First, Task in .NET can be two completely different things. Delegate Tasks represent code that can run on some thread, using a TaskScheduler to determine where and how they run. Delegate Tasks were introduced with the original Task Parallel Library and are almost never used with asynchronous code. The other kind of Task is Promise Tasks. These are much more similar to Promise in JavaScript: they can represent anything - they're just an object that is either "not finished yet" or "finished with a result" or "finished with an error". Here's a contrast of the different state diagrams for the different kinds of tasks.

So, the first thing to recognize is that just like you don't "execute a Promise" in JavaScript, you don't "execute a (Promise) Task" in .NET. So asking what thread it runs on doesn't make sense, since they don't run anywhere.

However, both JS and C# have an async/await language construct that allows you to write more natural code to control promises. When the async method completes, the promise is completed; if the async method throws, the promise is faulted.

So the question then becomes: where does the code run that controls this promise?

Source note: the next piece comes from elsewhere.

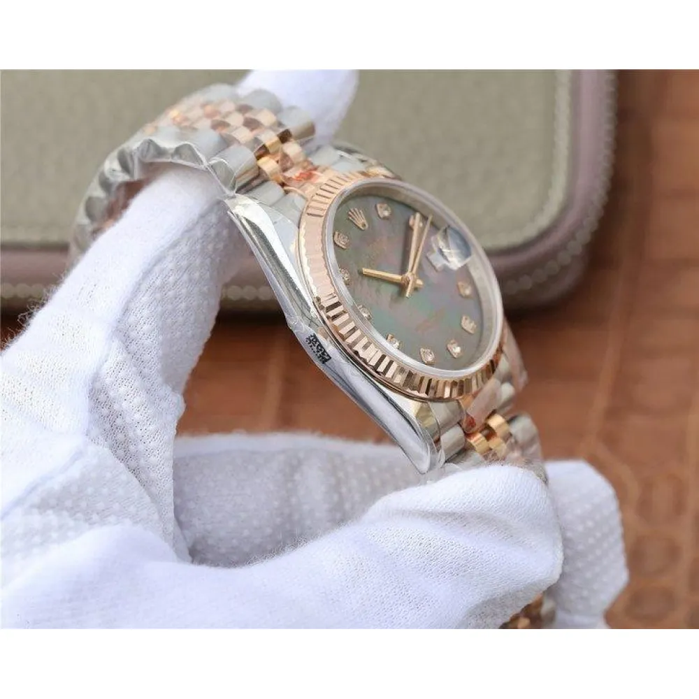 Фиксированный в одном положении, позолоченный полированный рифленный безель; Гравировка маркировки Rolex (3 короны Rolex) с внутренней стороны безеля.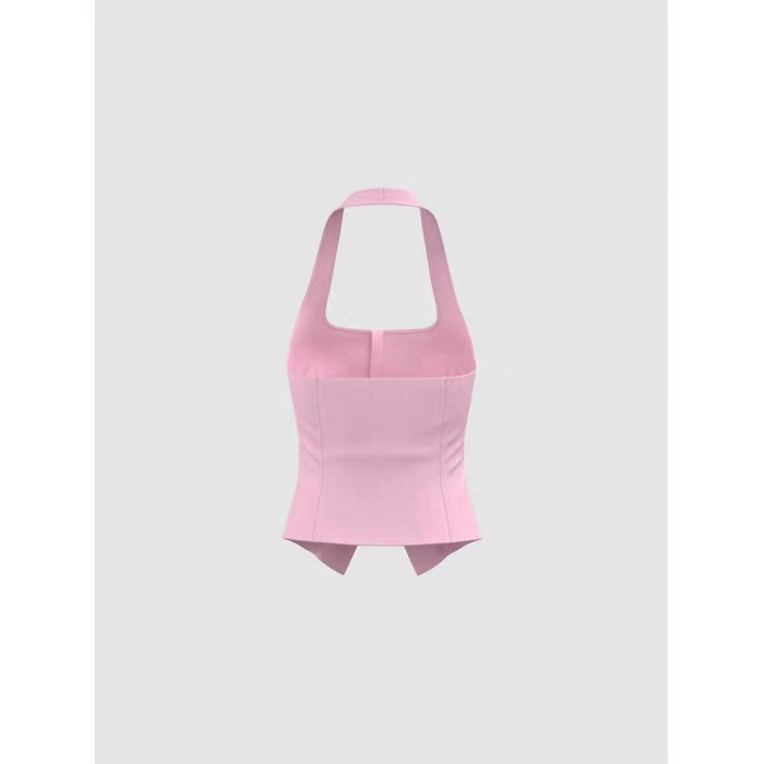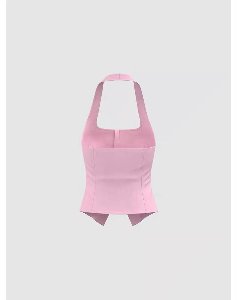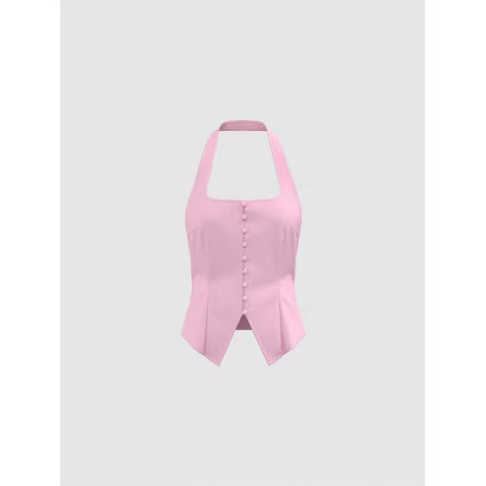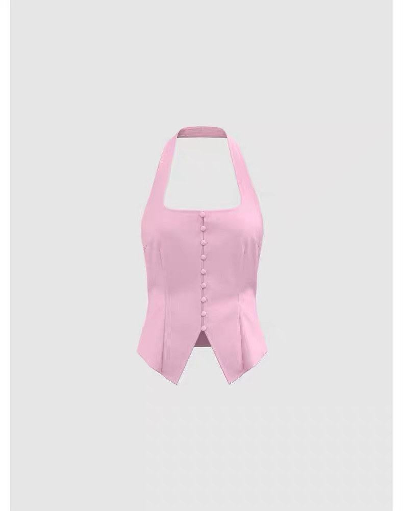 YT&UR2025夏季新款女裝多巴胺掛脖露背單排釦吊帶衫UWG250193

In the JavaScript world, the answer is obvious: there is only one thread, so that is where the code runs. In the .NET world, the answer is a bit more complex. My async intro gives the core concepts: every async method begins executing synchronously, on the calling thread, just like any other method. When it yields due to an await, it will capture its "context". Then, when that async method is ready to resume after the await, it resumes within that "context".

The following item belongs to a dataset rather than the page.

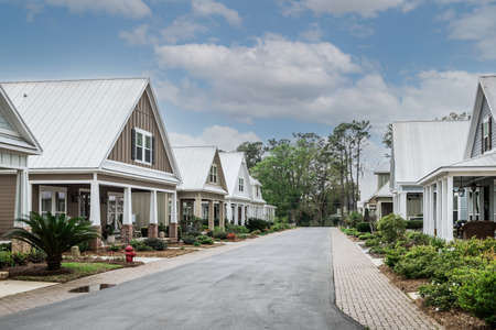 Small american town residential complex in street and home with spring tree landscape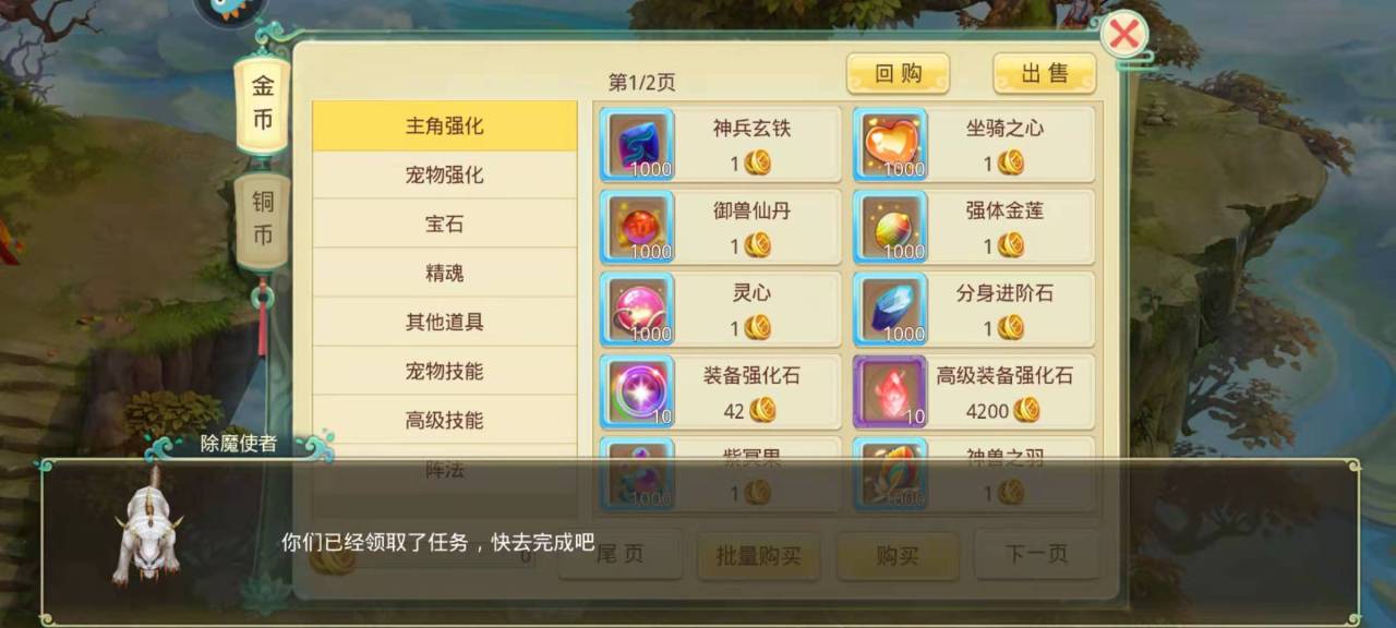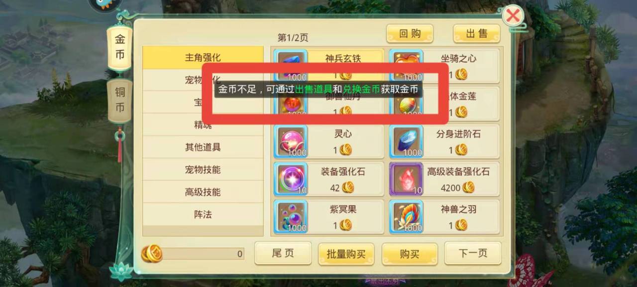 其次,这个功能系统开启之后,玩家点击它,就会开到如图所示。里面有可以让主角强化,宠物强化的物品,还有很多品种的宝石,精魂、其他道具、宠物技能、高级技能,还有阵法,在里面可以清晰的看到,里面的各种物品出售的金币都不同。如果玩家的金币不足,可以通过出售和兑换金币来获取金币购买所需的物品。

The "context" is SynchronizationContext.Current, unless it is null, in which case the context is TaskScheduler.Current. In modern code, the "context" is usually either a GUI thread context (which always resumes on the GUI thread), or the thread pool context (which resumes on any available thread pool thread).

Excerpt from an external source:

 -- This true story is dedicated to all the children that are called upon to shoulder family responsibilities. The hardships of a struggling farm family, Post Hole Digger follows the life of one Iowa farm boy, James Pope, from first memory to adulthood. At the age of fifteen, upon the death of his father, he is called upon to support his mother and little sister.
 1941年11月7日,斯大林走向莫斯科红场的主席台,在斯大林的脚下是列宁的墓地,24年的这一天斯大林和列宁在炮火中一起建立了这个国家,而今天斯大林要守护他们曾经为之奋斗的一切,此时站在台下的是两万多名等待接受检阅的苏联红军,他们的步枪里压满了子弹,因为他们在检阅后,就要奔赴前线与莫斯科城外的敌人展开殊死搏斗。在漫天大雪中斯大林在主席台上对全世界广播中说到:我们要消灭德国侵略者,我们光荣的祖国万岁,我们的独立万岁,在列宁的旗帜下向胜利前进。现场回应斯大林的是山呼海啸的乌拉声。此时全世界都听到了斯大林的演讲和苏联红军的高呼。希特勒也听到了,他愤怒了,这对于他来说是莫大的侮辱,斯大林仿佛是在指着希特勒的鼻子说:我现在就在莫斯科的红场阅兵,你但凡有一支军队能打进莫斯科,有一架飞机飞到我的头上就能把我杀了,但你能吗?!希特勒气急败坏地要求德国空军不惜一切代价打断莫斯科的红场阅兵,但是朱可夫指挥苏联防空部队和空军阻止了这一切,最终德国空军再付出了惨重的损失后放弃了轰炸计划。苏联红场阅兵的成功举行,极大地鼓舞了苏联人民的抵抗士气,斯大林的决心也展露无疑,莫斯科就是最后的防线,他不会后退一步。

Should I be programming as if all my Tasks can run in any thread?

The code in your async methods can resume on a thread pool thread if it's called without a context.

Do I need to synchronize resource access between Tasks

Probably not. The async and await keywords are designed to allow easy writing of serial code. So there's no need to synchronize code before an await with code after an await; the code after the await will always run after the code before the await, even if it runs on a different thread. Also, await injects all necessary thread barriers, so there's no issues around out-of-order reads or anything like that.

However, if your code runs multiple async methods at the same time, and those methods share data, then that would need to be synchronized. I have a blog post that covers this kind of accidental implicit parallelism (at the end of the post). Generally speaking, asynchronous code encourages returning results rather than applying side effects, and as long as you do that, implicit parallelism is less of a problem.